Was für ein Auftakt! Mit 7:0 bezwang der TSV Schlechtbach im ersten Saisonspiel den FSV Waiblingen II. Dabei hatte der FSV die zurückliegende Saison als Sechster beendet, die Schlechtbacher waren nur Zehnter geworden. Doch die Waiblinger haben – unter anderem – Torjäger Alen Zoric (am Sonntag drei Treffer gegen Stetten) an den SC Urbach verloren und waren deshalb, so der Schlechtbacher Abteilungsleiter Lukas Tauschek, völlig chancenlos. Sieben Tore, dabei hatten die Schlechtbacher zuvor ebenfalls Sorgen, weil die Angriffsplätze dünn besetzt sind. Aber, so Tauschek, selbst einer der Angreifer, die Vorbereitung sei optimal verlaufen. „Wir haben keine Studenten, die auswärtig unterwegs sind, und dank Corona auch wenig Urlauber.“

Im Tor klemmt's

Alle seien sehr motiviert, der Kader breit genug. Nur im Tor klemmt’s richtig.

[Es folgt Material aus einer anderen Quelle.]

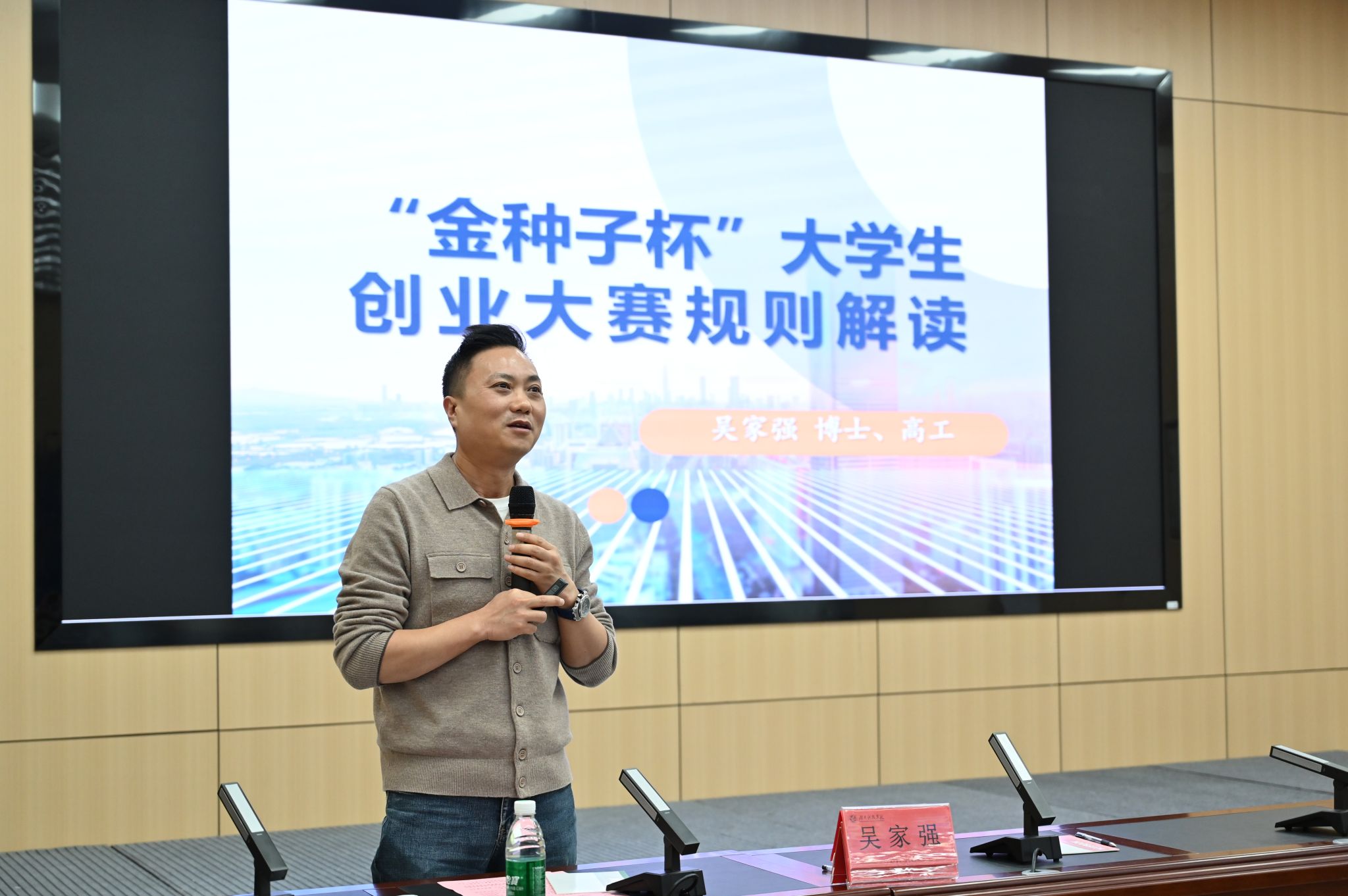 本网讯(记者 李梦雅 刘斌 摄影 杨芊澍)10月28日,为深入贯彻落实湖南省委、省政府关于支持大学生创业“七个一”行动要求,依托“潇湘启航”省级大学生创业指导工作室举办的“创业力量 产业新篇”——面向湖南省“4×4”与永州市“3×2”现代化产业体系创业论坛暨《金种子》MV发布仪式在明德楼100报告厅成功举办。论坛旨在进一步落实省委书记沈晓明来校调研重要指示精神,深化校企合作,推动大学生创新创业与地方产业需求发展。
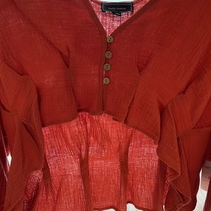 Never worn, with tag still on. Rust/orange color. Cropped long sleeved blouse. 100% cotton. Bought from a local boutique in Pittsburgh
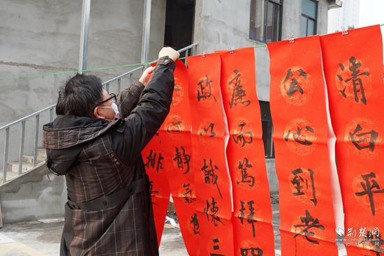 翰墨飄香,迎春納福。3名書法家現(xiàn)場潑墨揮毫,寫春聯(lián)、送福字?!耙簧碚龤飧遗鲇玻瑑尚淝屣L不染塵”,通過寫“廉”聯(lián),讓新年更添風清氣正之色。民間藝術家們帶來音樂快板《竹板聲聲頌清廉》和廉政楚劇《門道》,在一聲聲“廉”板和“廉”戲聲中,為群眾、干部帶來廉潔文化洗禮。最后,一場老少皆宜的《踩蓮船》表演,讓現(xiàn)場觀眾捧腹大笑、樂不可支。
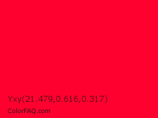 Yxy 21.479,0.616,0.317 Color is a normal red color and the nearest color is Ruddy #ff0028. Hex code #ff012e and RGB value is rgb(255,1,46). In RGB color space, this color is composed of 100% red, 0% green, 18% blue, In CMYK color space, this color is composed of 0% cyan, 100% magenta, 82% yellow , 0% black , In HSL color space, this color has a hue angle of 349° , 100% saturation and 50% lightness.
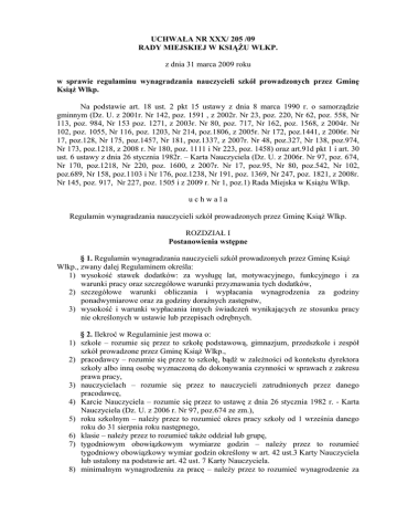UCHWAŁA NR XXX/ 205 /09 RADY MIEJSKIEJ W KSIĄŻU WLKP. z dnia 31 marca 2009 roku w sprawie regulaminu wynagradzania nauczycieli szkół prowadzonych przez Gminę Książ Wlkp. Na podstawie art. 18 ust. 2 pkt 15 ustawy z dnia 8 marca 1990 r. o samorządzie gminnym (Dz. U. z 2001r. Nr 142, poz. 1591 , z 2002r. Nr 23, poz. 220, Nr 62, poz. 558, Nr 113, poz. 984, Nr 153 poz. 1271, z 2003r. Nr 80, poz. 717, Nr 162, poz. 1568, z 2004r. Nr 102, poz. 1055, Nr 116, poz. 1203, Nr 214, poz.1806, z 2005r. Nr 172, poz.1441, z 2006r. Nr 17, poz.128, Nr 175, poz.1457, Nr 181, poz.1337, z 2007r. Nr 48, poz.327, Nr 138, poz.974, Nr 173, poz.1218, z 2008 r. Nr 180, poz. 1111 i Nr 223, poz. 1458) oraz art.91d pkt 1 i art. 30 ust. 6 ustawy z dnia 26 stycznia 1982r. – Karta Nauczyciela (Dz. U. z 2006r. Nr 97, poz. 674, Nr 170, poz.1218, Nr 220, poz. 1600, z 2007r. Nr 17, poz.95, Nr 80, poz.542, Nr 102, poz.689, Nr 158, poz.1103 i Nr 176, poz.1238, Nr 191, poz. 1369, Nr 247, poz. 1821, z 2008r. Nr 145, poz. 917, Nr 227, poz. 1505 i z 2009 r. Nr 1, poz.1) Rada Miejska w Książu Wlkp. uchwala Regulamin wynagradzania nauczycieli szkół prowadzonych przez Gminę Książ Wlkp. ROZDZIAŁ I Postanowienia wstępne § 1. Regulamin wynagradzania nauczycieli szkół prowadzonych przez Gminę Książ Wlkp., zwany dalej Regulaminem określa: 1) wysokość stawek dodatków: za wysługę lat, motywacyjnego, funkcyjnego i za warunki pracy oraz szczegółowe warunki przyznawania tych dodatków, 2) szczegółowe warunki obliczania i wypłacania wynagrodzenia za godziny ponadwymiarowe oraz za godziny doraźnych zastępstw, 3) wysokość i warunki wypłacania innych świadczeń wynikających ze stosunku pracy nie określonych w ustawie lub przepisach odrębnych. 1) 2) 3) 4) 5) 6) 7) 8) § 2. Ilekroć w Regulaminie jest mowa o: szkole – rozumie się przez to szkołę podstawową, gimnazjum, przedszkole i zespół szkół prowadzone przez Gminę Książ Wlkp., pracodawcy – rozumie się przez to szkołę, bądź w zależności od kontekstu dyrektora szkoły albo inną osobę wyznaczoną do dokonywania czynności w sprawach z zakresu prawa pracy, nauczycielach – rozumie się przez to nauczycieli zatrudnionych przez danego pracodawcę, Karcie Nauczyciela – rozumie się przez to ustawę z dnia 26 stycznia 1982 r. - Karta Nauczyciela (Dz. U. z 2006 r. Nr 97, poz.674 ze zm.), roku szkolnym – należy przez to rozumieć okres pracy szkoły od 1 września danego roku do 31 sierpnia roku następnego, klasie – należy przez to rozumieć także oddział lub grupę, tygodniowym obowiązkowym wymiarze godzin – należy przez to rozumieć tygodniowy obowiązkowy wymiar godzin określony w art. 42 ust.3 Karty Nauczyciela lub ustalony na podstawie art. 42 ust. 7 Karty Nauczyciela. minimalnym wynagrodzeniu za pracę – należy przez to rozumieć wynagrodzenie za pracę ustalane na podstawie odrębnych przepisów. § 3. 1. Regulamin obejmuje wszystkich nauczycieli szkół. 2. Regulaminu nie stosuje się do pracowników szkół nie będących nauczycielami. ROZDZIAŁ II Dodatek za wysługę lat § 4.1. Nauczycielom przysługuje dodatek za wysługę lat w wysokości 1% wynagrodzenia zasadniczego za każdy rok pracy wypłacany w okresach miesięcznych poczynając od czwartego roku pracy z tym, że dodatek ten nie może przekroczyć 20% wynagrodzenia zasadniczego. 2. Dodatek za wysługę lat przysługuje: 1) począwszy od pierwszego dnia miesiąca kalendarzowego następującego po miesiącu, w którym nauczyciel nabył prawo do dodatku lub do wyższej stawki dodatku, jeżeli nabycie prawa nastąpiło w ciągu miesiąca, 2) za dany miesiąc, jeżeli nabycie prawa do dodatku lub wyższej jego stawki nastąpiło od pierwszego dnia miesiąca. 3. Dodatek za wysługę lat przysługuje za okres urlopu dla poratowania zdrowia oraz za dni, za które nauczyciel otrzymuje wynagrodzenie chyba, że przepis szczególny stanowi inaczej. Dodatek ten przysługuje również za dni nieobecności w pracy z powodu niezdolności do pracy w skutek choroby bądź konieczności osobistego sprawowania opieki nad dzieckiem lub innym chorym członkiem rodziny, za które nauczyciel otrzymuje wynagrodzenie lub zasiłek z ubezpieczenia społecznego. 4. Dodatek za wysługę lat wypłaca się z góry, w terminie wypłaty wynagrodzenia. ROZDZIAŁ III Dodatek motywacyjny § 5.1. Dodatek motywacyjny może być przyznawany nie wcześniej niż po przepracowaniu przez nauczyciela jednego roku szkolnego. 2. Warunkiem przyznania nauczycielowi dodatku motywacyjnego jest: 1/ uzyskiwanie szczególnych osiągnięć dydaktycznych, wychowawczych i opiekuńczych, a zwłaszcza: a) uzyskiwanie przez uczniów, z uwzględnieniem ich możliwości oraz warunków pracy nauczyciela, dobrych osiągnięć dydaktyczno - wychowawczych potwierdzanych wynikami klasyfikacji lub promocji, efektami egzaminów i sprawdzianu albo sukcesami w konkursach, zawodach, olimpiadach itp., b) umiejętne rozwiązywanie problemów wychowawczych uczniów we współpracy z ich rodzicami, c) pełne rozpoznanie środowiska wychowawczego uczniów, aktywne i efektywne działanie na rzecz uczniów potrzebujących szczególnej opieki, 2/ jakość świadczonej pracy, w tym związanej z powierzonym stanowiskiem kierowniczym, dodatkowym zadaniem lub zajęciem, a zwłaszcza: a) podnoszenie umiejętności zawodowych, b) dbałość o estetykę powierzonych pomieszczeń, i sprawność pomocy dydaktycznych i innych urządzeń szkolnych, 3/ posiadanie co najmniej dobrej oceny pracy, 4/ zaangażowanie w realizację czynności i zajęć, o których mowa w art.42 ust.2 Karty Nauczyciela, a zwłaszcza: a) udział w organizowaniu imprez i uroczystości szkolnych, b) udział w komisjach przedmiotowych i innych, c) opiekowanie się samorządem uczniowskim lub innymi organizacjami uczniowskimi działającymi na terenie szkoły, d) prowadzenie lekcji koleżeńskich, przejawianie innych form aktywności w ramach wewnątrzszkolnego dosko

Dort steht mit Tobias Munz einer, der jeweils vorher noch als Feldspieler bei der Zweiten aufläuft. Aber wer sieben Tore schießt, muss sich darum wohl kaum Gedanken machen. Die drehen sich um andere Dinge. Lukas Tauschek: „Unser Ziel ist, von den Abstiegsplätzen wegzubleiben und schon in den ersten Spielen so viele Punkte wie möglich zu holen.“ Man wisse ja nicht, ob und wann die Saison wieder abgebrochen wird.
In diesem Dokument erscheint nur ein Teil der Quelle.